The Gayndah Orange Festival has been held biennially since 1957, celebrating the region’s citrus production. It is one of the few Australian festivals where citrus is the primary subject.

The Imperial mandarin: an Australian original

The most significant event in Australian mandarin history occurred in the 1890s at Emu Plains, on the Nepean River west of Sydney. A new mandarin variety was raised there, eventually named the Imperial.

The Imperial is an early-season mandarin with a thin, smooth skin, easy peel, few seeds, and a sweet-tart flavour. It typically ripens from April, making it the first mandarin of the Australian season each year. According to nursery and industry sources including The Diggers Club, the Imperial was raised during the 1890s at Emu Plains. It became the dominant Australian mandarin variety of the 20th century and remains significant today, accounting for approximately 24 per cent of fresh mandarin production by volume.

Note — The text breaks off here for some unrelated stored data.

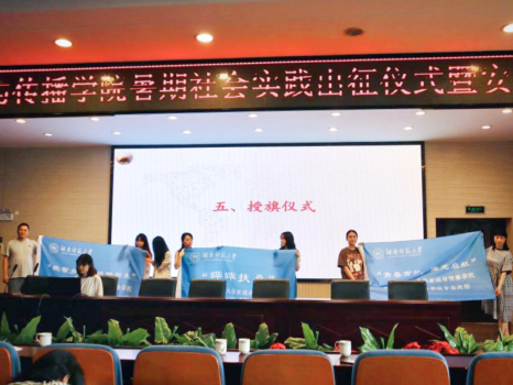 活动最后,院领导、指导老师为2022年新传院暑期社会实践活动的15支团队授旗。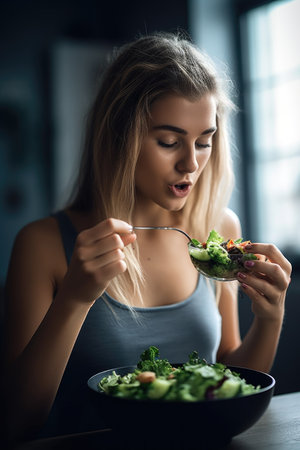 Woman takes a slow, mindful bite of fresh salad, showing commitment to a healthy lifestyle with visible results in a sunny room.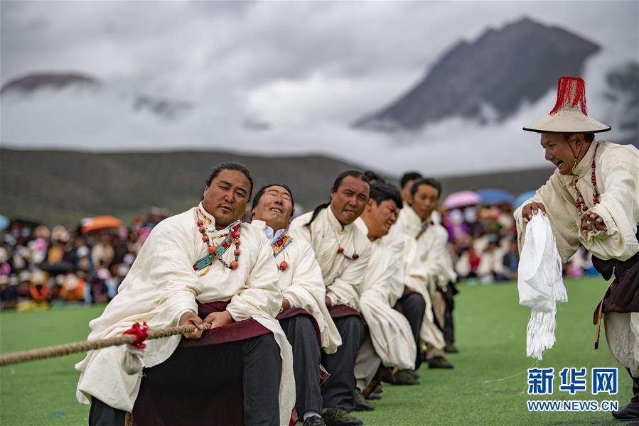 8月10日,當雄縣牧民在拔河比賽中。新華社記者普布扎西攝。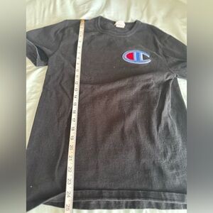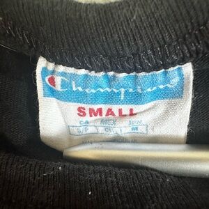 VTG 90s Champion Small Black crew neck tee. Large Embroidered Logo Short Sleeve.
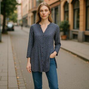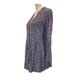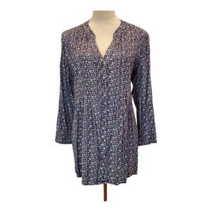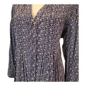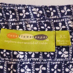 ROCK FLOWER PAPER SZ XL Women's Casual Flowy Pleated V-Neck Top Blouse Tunic 100% Rayon Navy blue & white print

The Imperial’s success reflects several practical strengths: it suits the Australian climate across a wide range of regions, it peels easily (important for school lunchboxes and fresh consumption), and its early season position means it reaches market before competition from later varieties.

20th century industrialisation

Australian citrus production scaled rapidly through the 20th century. Packing sheds, cold storage, refrigerated transport, and later air freight changed the economics of the industry. Varieties were selected for shelf life, transportability, and appearance as much as flavour.

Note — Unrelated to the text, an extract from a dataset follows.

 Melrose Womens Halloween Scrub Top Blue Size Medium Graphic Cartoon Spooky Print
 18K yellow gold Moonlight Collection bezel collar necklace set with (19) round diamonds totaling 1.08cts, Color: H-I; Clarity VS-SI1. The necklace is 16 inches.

NSW DPI (the NSW Department of Primary Industries) published detailed production manuals for Australian mandarin growers, including a comprehensive manual in 2017 produced with funding from the Australian Centre for International Agricultural Research (ACIAR). This manual covered orchard establishment, seasonal management, and the latest research on variety performance across Australian growing regions.

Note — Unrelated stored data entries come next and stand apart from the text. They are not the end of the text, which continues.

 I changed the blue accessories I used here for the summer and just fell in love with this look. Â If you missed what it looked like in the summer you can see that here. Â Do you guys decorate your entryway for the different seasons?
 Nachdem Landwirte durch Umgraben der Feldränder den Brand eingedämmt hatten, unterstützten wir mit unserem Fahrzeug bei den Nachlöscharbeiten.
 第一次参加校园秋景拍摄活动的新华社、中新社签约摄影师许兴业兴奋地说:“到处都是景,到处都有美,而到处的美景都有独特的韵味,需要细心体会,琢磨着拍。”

By mid-century, Australian mandarins were a standard winter fruit in homes across the country. The school lunchbox mandarin became a cultural fixture: easy to peel, no mess, portable, and reliably sweet.

The modern Australian mandarin industry

Australia now grows more than ten commercial mandarin varieties. Imperial remains important, but late-season varieties including Honey Murcott, Afourer (Nadorcott), and Daisy account for a growing share of production.

Queensland’s North Burnett region has shifted significantly toward export-oriented varieties. Up to 50 per cent of the region’s mandarin production now goes to Asian export markets, compared to about a third in previous years. Export demand from China and Thailand has driven investment in new orchards and new varieties suited to longer shipping times.

The Riverina in NSW continues to produce large volumes of oranges and grapefruit, with mandarin production spread across the state’s east coast and central regions. Western Australia has its own citrus belt, and the Atherton Tablelands in Far North Queensland produce citrus under tropical conditions.

Australia exports citrus to Hong Kong, mainland China, Singapore, Malaysia, Vietnam, and other markets. The clean green reputation of Australian produce, combined with the flavour quality of winter-harvested fruit, underpins export demand.